Stored records →
== Segment start ==
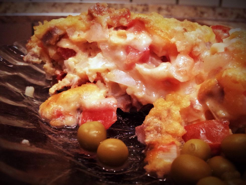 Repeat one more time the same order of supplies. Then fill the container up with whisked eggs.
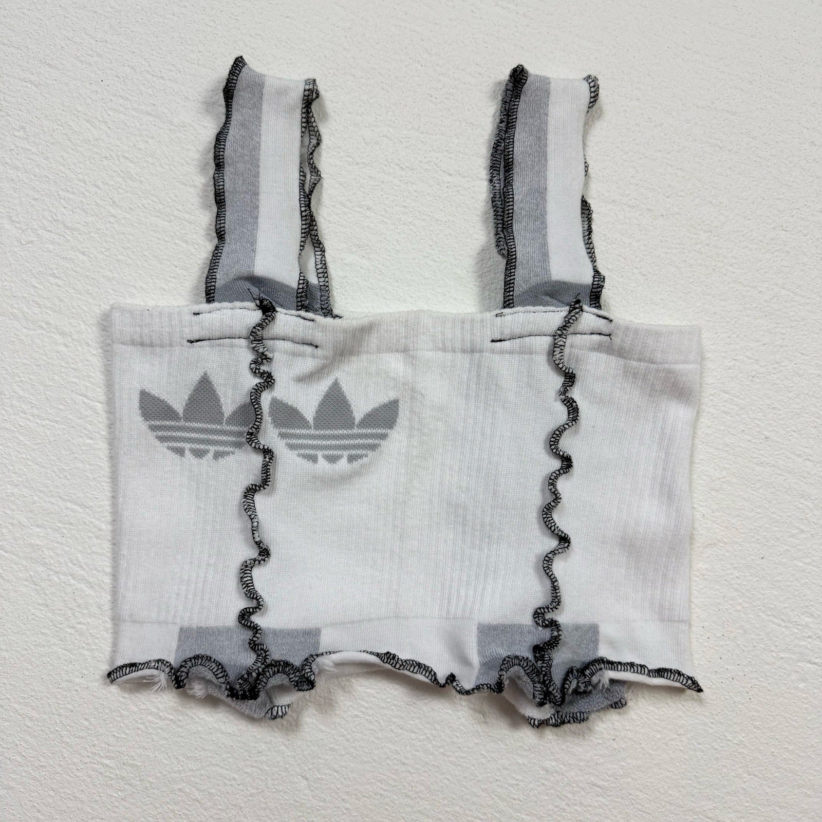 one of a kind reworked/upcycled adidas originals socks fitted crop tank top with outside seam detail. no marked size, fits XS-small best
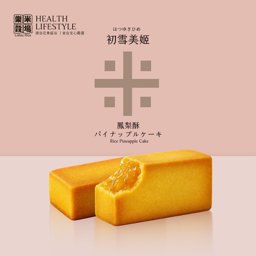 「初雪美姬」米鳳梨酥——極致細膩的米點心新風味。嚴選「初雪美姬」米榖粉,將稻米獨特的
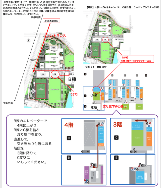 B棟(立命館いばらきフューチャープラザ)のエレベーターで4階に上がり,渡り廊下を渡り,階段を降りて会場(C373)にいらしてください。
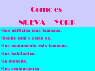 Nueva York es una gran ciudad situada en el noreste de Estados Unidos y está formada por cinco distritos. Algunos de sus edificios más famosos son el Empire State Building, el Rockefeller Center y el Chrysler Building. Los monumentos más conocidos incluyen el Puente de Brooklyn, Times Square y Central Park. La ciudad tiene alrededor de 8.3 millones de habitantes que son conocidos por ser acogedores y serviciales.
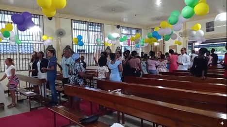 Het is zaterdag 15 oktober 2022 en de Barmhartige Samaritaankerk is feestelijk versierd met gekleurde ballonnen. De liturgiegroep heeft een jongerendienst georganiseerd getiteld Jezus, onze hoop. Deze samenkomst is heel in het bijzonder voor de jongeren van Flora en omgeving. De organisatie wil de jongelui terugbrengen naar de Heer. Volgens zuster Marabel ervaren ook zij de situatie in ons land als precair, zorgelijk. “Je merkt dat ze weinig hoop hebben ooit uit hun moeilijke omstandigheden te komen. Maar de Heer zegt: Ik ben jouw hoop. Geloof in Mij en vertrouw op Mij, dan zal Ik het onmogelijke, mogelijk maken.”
== Segment end ==
What you will do → Every entry above is to be printed again exactly, pictures omitted.

Response to the exercise →
 Repeat one more time the same order of supplies. Then fill the container up with whisked eggs.
 one of a kind reworked/upcycled adidas originals socks fitted crop tank top with outside seam detail. no marked size, fits XS-small best
 「初雪美姬」米鳳梨酥——極致細膩的米點心新風味。嚴選「初雪美姬」米榖粉,將稻米獨特的
 B棟(立命館いばらきフューチャープラザ)のエレベーターで4階に上がり,渡り廊下を渡り,階段を降りて会場(C373)にいらしてください。
 Nueva York es una gran ciudad situada en el noreste de Estados Unidos y está formada por cinco distritos. Algunos de sus edificios más famosos son el Empire State Building, el Rockefeller Center y el Chrysler Building. Los monumentos más conocidos incluyen el Puente de Brooklyn, Times Square y Central Park. La ciudad tiene alrededor de 8.3 millones de habitantes que son conocidos por ser acogedores y serviciales.
 Het is zaterdag 15 oktober 2022 en de Barmhartige Samaritaankerk is feestelijk versierd met gekleurde ballonnen. De liturgiegroep heeft een jongerendienst georganiseerd getiteld Jezus, onze hoop. Deze samenkomst is heel in het bijzonder voor de jongeren van Flora en omgeving. De organisatie wil de jongelui terugbrengen naar de Heer. Volgens zuster Marabel ervaren ook zij de situatie in ons land als precair, zorgelijk. “Je merkt dat ze weinig hoop hebben ooit uit hun moeilijke omstandigheden te komen. Maar de Heer zegt: Ik ben jouw hoop. Geloof in Mij en vertrouw op Mij, dan zal Ik het onmogelijke, mogelijk maken.”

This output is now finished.